Quando a Alma pergunta...

sexta-feira, 12 de setembro de 2014

Mude! Mesmo que doa...



Todos nós temos um conjunto de hábitos, crenças, valores, uma atitude, enfim, que está sempre se modificando. Toda vez que esse movimento nos traz algum tipo de dor ou desconforto, é hora de mudar. Mudar de atitude, mudar a postura diante da vida, a maneira de ver ou fazer. Mas o medo da mudança faz com que nos adaptemos à situação de desconforto para que tudo continue como antes, gerando assim toda sorte de descompasso.
Quando tomamos consciência da necessidade de mudança, parte da nossa experiência será queimar estoques de ideias que não são mais uteis. Teremos, assim, de viver um longo período de luto e luta na perda de tais mecanismos ou os transformaríamos em "uma massa flutuante, um monte inconsciente de virtualidades impessoais, um banco de nuvem sombrio prestes a derramar-se em uma chuva de dor sobre aqueles que não sabem reconhecê-la". O novo produz tanta ansiedade como o velho; mesmo costurado na dor, assenta melhor do que a roupa nova com tudo o que ela pode sugerir.
Mudanças são necessárias, mas precisam de transição para que as aceitemos.

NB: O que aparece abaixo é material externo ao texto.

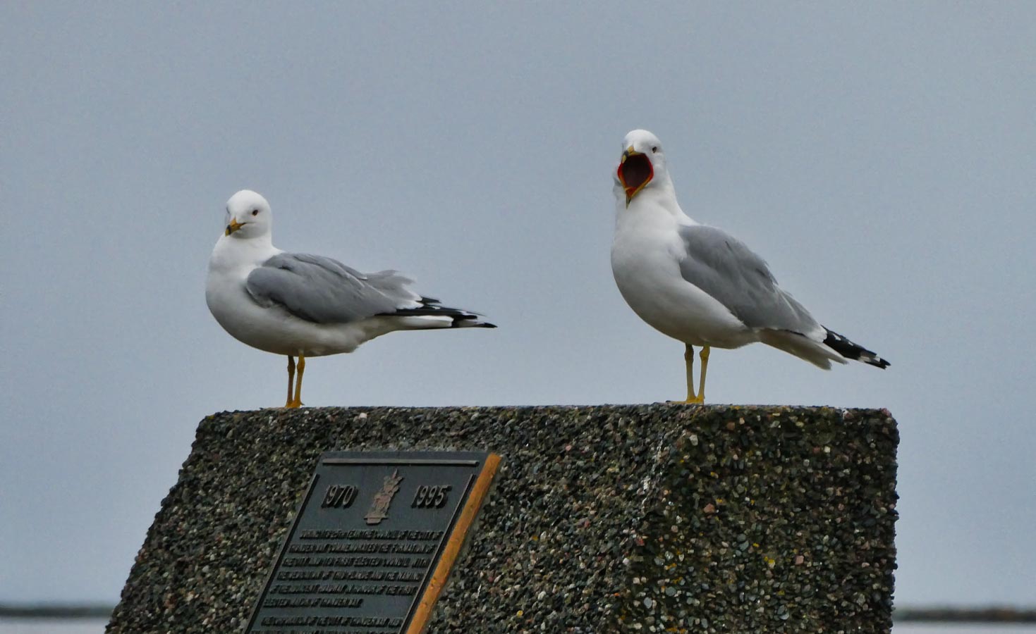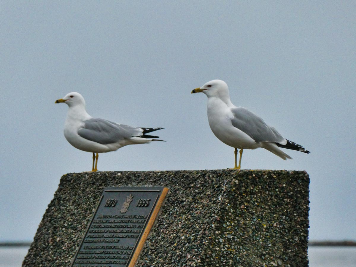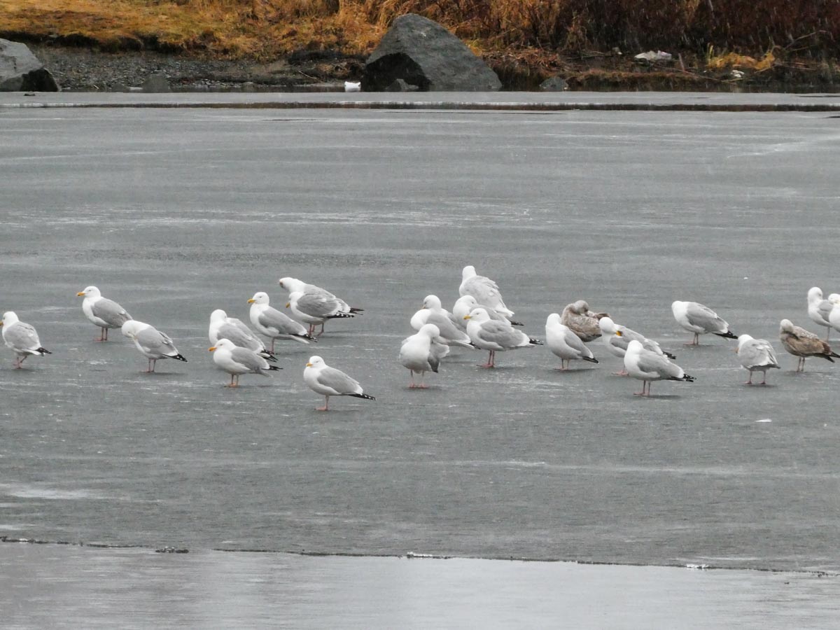 Gulls resting on some of the last ice in the harbour.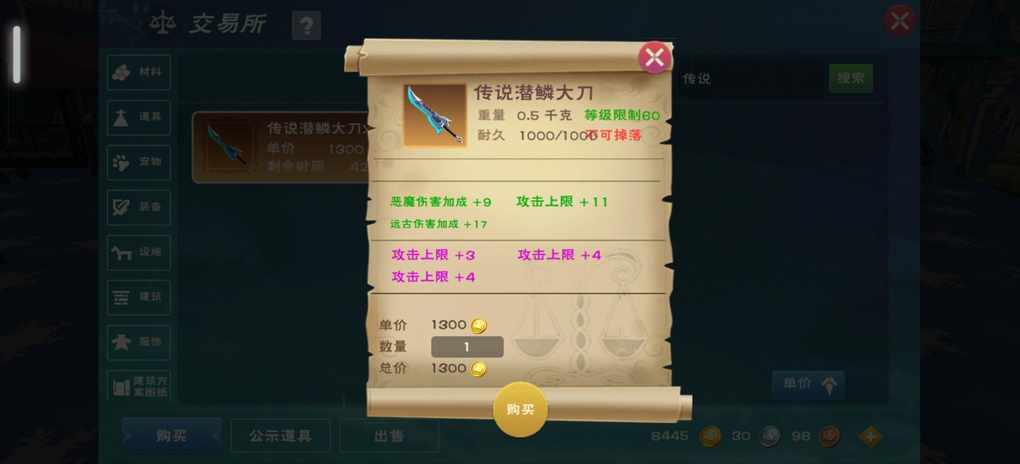 想买了自己用,然后手头上有一把金附魂的传说大剑,有点舍不得给他献祭了

Conta-se que, num reino de guerra, havia um monarca que causava espanto. Cada vez que fazia prisioneiros, não os matava, mas os levava a uma sala onde havia um grupo de arqueiros em um canto e uma imensa porta de ferro no outro lado, e que nessa porta havia gravuras de caveiras cobertas com sangue. Então o rei fazia que eles ficassem em círculos e dizia: "Vocês podem escolher: morrer flechados por meus arqueiros, ou passar por aquela porta e suportar o que lá encontrarem. Todos os que por ali passaram escolheram morrer pelas mãos dos arqueiros". Ao término da guerra, um soldado que por muito tempo havia servido ao rei inquiriu-lhe sobre tal porta, ao que o rei respondeu-lhe: "Vá e veja". O soldado abriu vagarosamente a porta, cheio de receios, e deparou com raios de sol, um jardim magnífico e a liberdade.
Quantas portas nós temos deixado de abrir?
Vamos refletir...

(Texto extraído do livro: A sombra não assombra de Miriam Salete)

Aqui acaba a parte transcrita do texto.